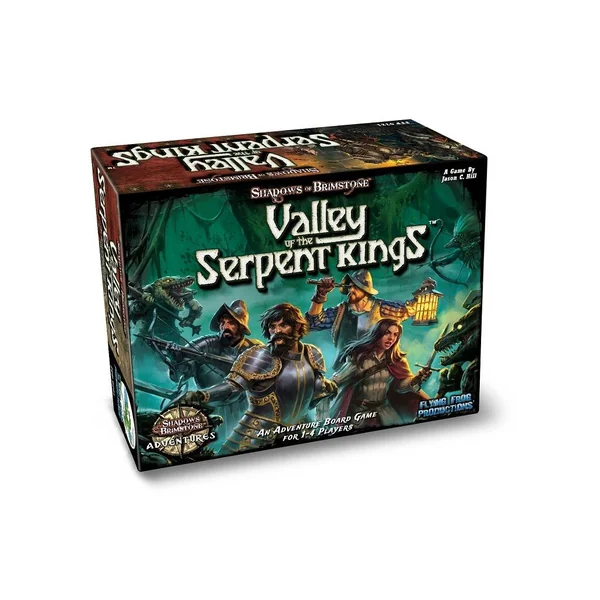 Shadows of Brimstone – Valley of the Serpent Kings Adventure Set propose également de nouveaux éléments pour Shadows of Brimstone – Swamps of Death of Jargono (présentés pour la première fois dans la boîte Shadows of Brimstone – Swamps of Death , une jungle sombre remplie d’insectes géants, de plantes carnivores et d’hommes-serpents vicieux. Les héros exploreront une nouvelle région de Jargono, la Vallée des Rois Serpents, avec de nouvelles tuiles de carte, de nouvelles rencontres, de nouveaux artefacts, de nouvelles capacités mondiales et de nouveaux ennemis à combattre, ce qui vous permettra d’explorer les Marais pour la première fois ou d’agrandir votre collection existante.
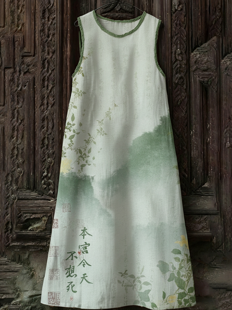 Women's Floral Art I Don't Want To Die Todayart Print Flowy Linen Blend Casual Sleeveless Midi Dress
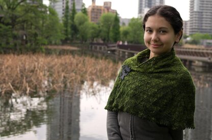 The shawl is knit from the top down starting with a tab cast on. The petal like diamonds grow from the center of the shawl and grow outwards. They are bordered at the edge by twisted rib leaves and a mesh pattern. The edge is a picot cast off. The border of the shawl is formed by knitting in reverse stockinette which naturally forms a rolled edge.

» WORK TO COMPLETE
Only the text of the listing should be returned, exactly and in full; no image goes into the copy.

» WRITTEN ANSWER
 Shadows of Brimstone – Valley of the Serpent Kings Adventure Set propose également de nouveaux éléments pour Shadows of Brimstone – Swamps of Death of Jargono (présentés pour la première fois dans la boîte Shadows of Brimstone – Swamps of Death , une jungle sombre remplie d’insectes géants, de plantes carnivores et d’hommes-serpents vicieux. Les héros exploreront une nouvelle région de Jargono, la Vallée des Rois Serpents, avec de nouvelles tuiles de carte, de nouvelles rencontres, de nouveaux artefacts, de nouvelles capacités mondiales et de nouveaux ennemis à combattre, ce qui vous permettra d’explorer les Marais pour la première fois ou d’agrandir votre collection existante.
 Women's Floral Art I Don't Want To Die Todayart Print Flowy Linen Blend Casual Sleeveless Midi Dress
 The shawl is knit from the top down starting with a tab cast on. The petal like diamonds grow from the center of the shawl and grow outwards. They are bordered at the edge by twisted rib leaves and a mesh pattern. The edge is a picot cast off. The border of the shawl is formed by knitting in reverse stockinette which naturally forms a rolled edge.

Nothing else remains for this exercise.